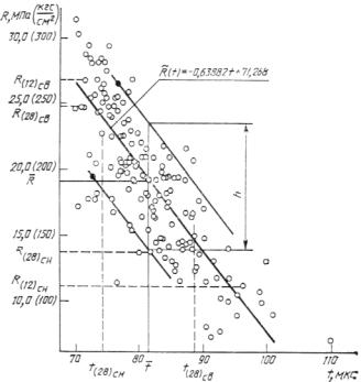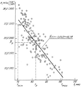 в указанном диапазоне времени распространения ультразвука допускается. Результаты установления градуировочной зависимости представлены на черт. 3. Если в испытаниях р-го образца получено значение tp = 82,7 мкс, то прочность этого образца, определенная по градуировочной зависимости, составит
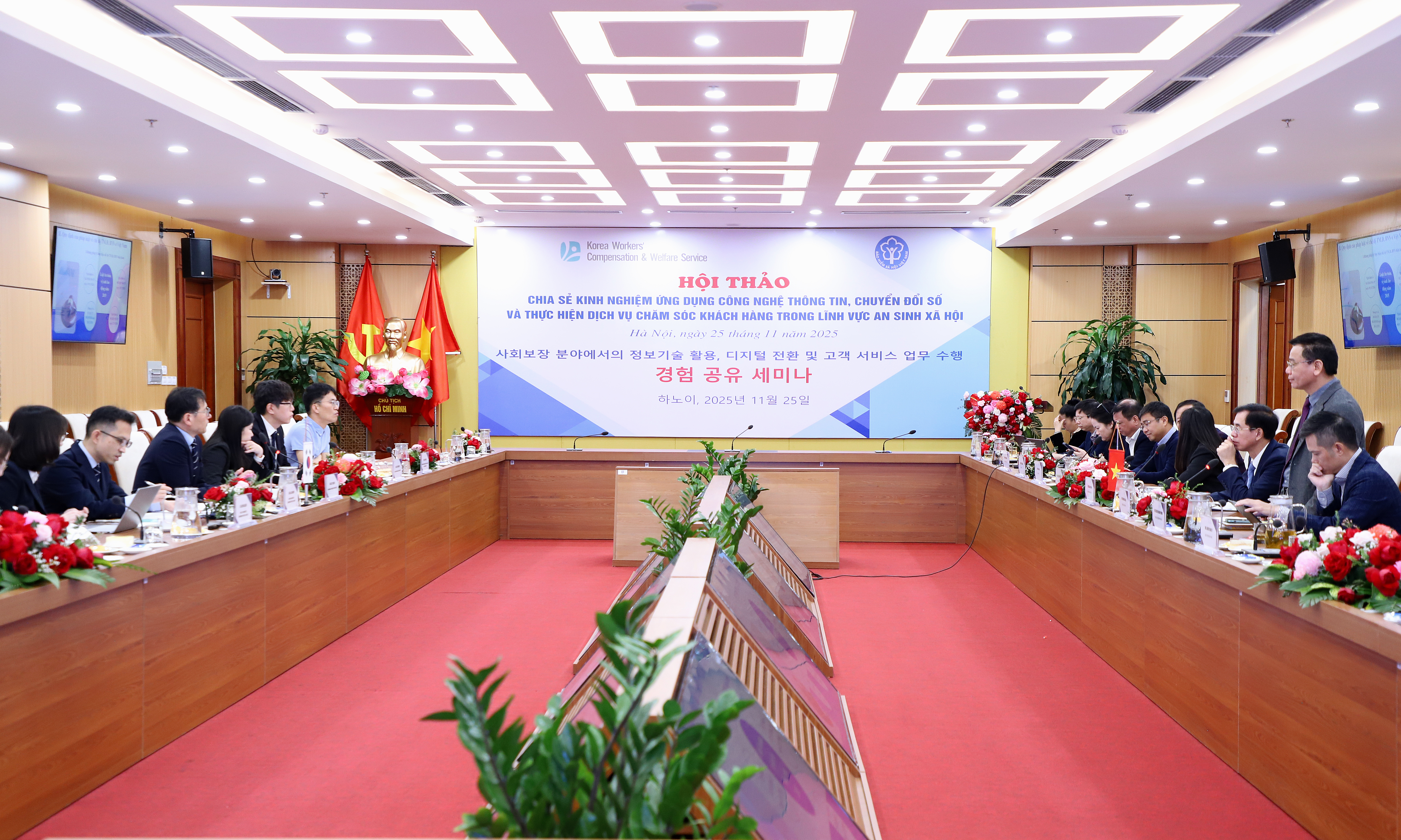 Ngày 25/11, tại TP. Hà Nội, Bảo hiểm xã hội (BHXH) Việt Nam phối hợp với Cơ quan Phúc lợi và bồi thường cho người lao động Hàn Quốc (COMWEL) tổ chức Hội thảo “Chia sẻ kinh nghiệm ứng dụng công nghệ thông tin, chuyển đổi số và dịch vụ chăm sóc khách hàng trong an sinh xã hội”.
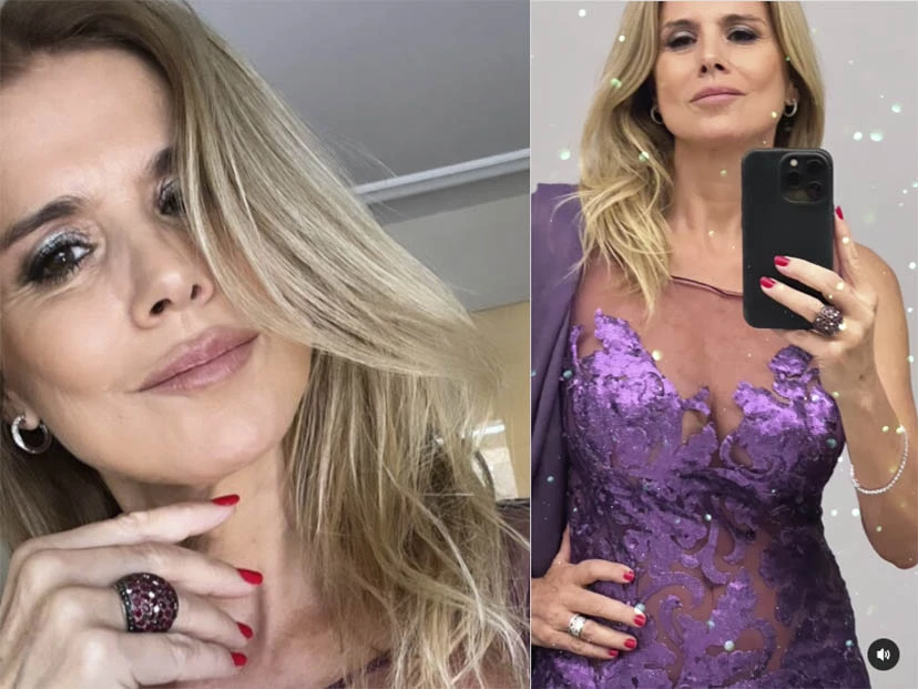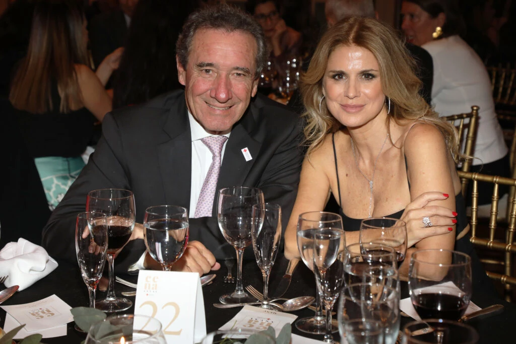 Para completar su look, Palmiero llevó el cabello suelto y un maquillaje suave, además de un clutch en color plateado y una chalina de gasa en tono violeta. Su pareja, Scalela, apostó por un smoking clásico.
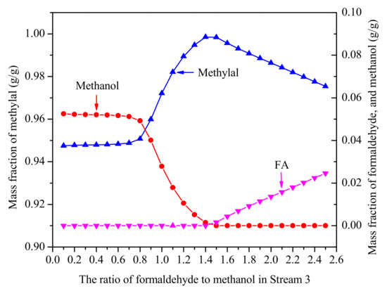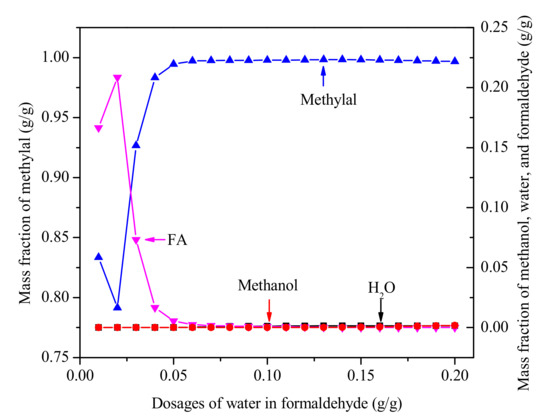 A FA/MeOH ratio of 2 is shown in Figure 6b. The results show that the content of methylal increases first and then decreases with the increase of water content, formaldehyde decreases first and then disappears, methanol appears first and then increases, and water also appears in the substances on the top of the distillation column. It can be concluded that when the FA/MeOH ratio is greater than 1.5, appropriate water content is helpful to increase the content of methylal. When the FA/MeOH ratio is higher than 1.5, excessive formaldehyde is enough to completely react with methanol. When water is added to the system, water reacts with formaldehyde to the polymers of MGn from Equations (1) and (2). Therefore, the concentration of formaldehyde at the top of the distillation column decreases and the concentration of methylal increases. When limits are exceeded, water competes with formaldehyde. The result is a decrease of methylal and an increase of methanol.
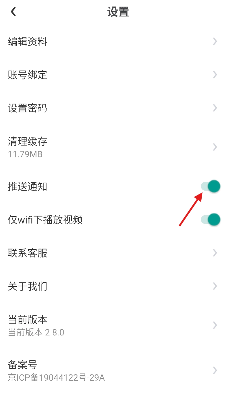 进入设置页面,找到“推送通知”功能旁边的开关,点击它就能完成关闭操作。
##########
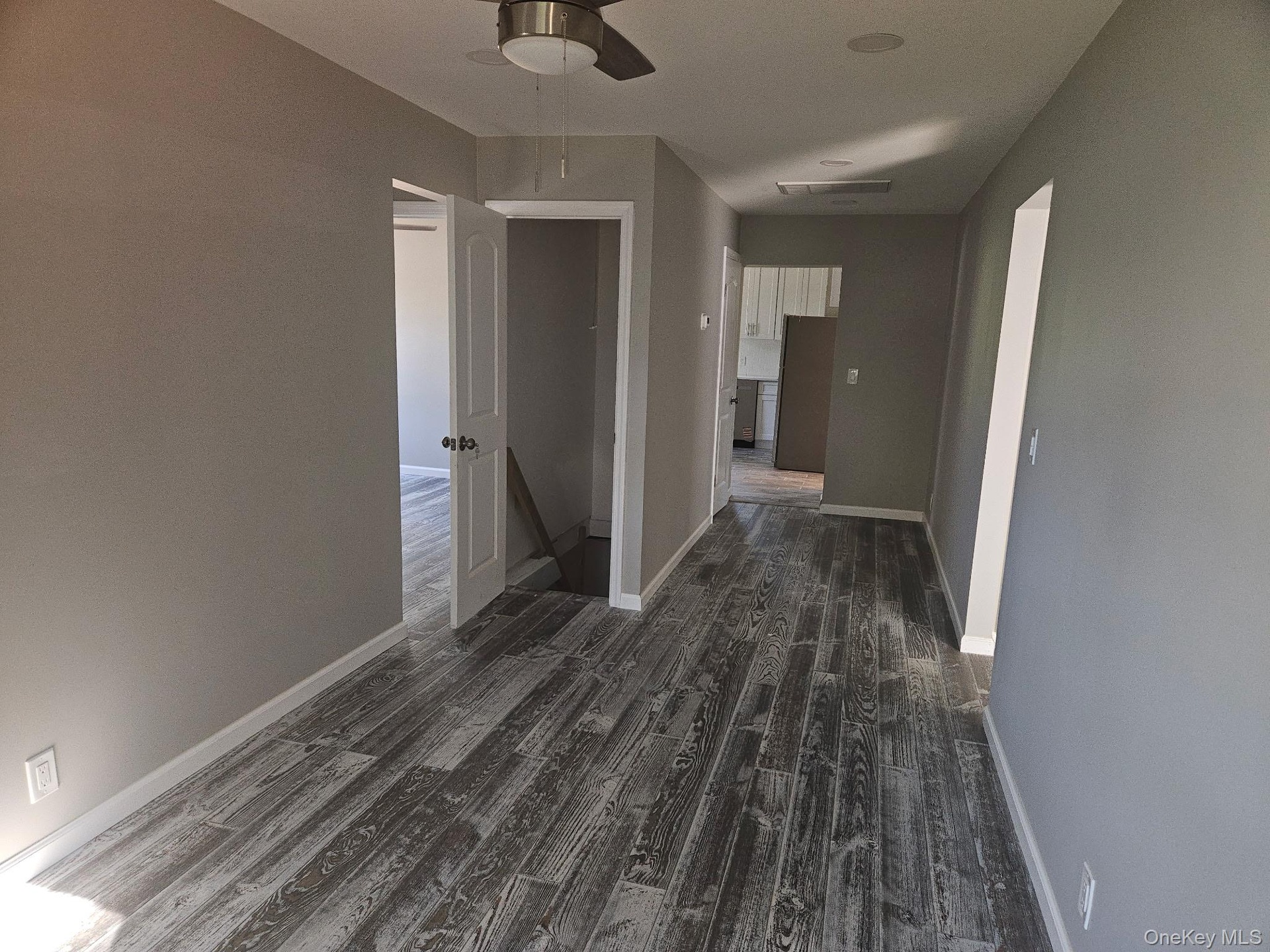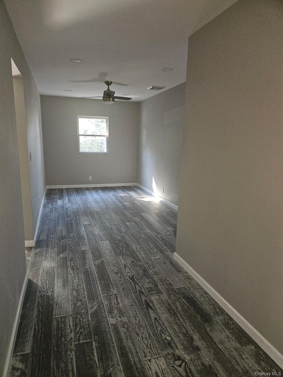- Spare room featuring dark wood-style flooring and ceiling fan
##########
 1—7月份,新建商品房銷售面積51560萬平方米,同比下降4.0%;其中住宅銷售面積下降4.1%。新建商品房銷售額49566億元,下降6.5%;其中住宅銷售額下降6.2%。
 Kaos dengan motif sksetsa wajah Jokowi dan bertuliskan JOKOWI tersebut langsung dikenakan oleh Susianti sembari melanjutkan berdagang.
##########
Problem details:
In the listing above, find the line with "в указанном диапазоне" and the line with "Para completar su". Set down both and every line between them, minus the pictures.

Solution to the exercise:
 в указанном диапазоне времени распространения ультразвука допускается. Результаты установления градуировочной зависимости представлены на черт. 3. Если в испытаниях р-го образца получено значение tp = 82,7 мкс, то прочность этого образца, определенная по градуировочной зависимости, составит
 Ngày 25/11, tại TP. Hà Nội, Bảo hiểm xã hội (BHXH) Việt Nam phối hợp với Cơ quan Phúc lợi và bồi thường cho người lao động Hàn Quốc (COMWEL) tổ chức Hội thảo “Chia sẻ kinh nghiệm ứng dụng công nghệ thông tin, chuyển đổi số và dịch vụ chăm sóc khách hàng trong an sinh xã hội”.
 Para completar su look, Palmiero llevó el cabello suelto y un maquillaje suave, además de un clutch en color plateado y una chalina de gasa en tono violeta. Su pareja, Scalela, apostó por un smoking clásico.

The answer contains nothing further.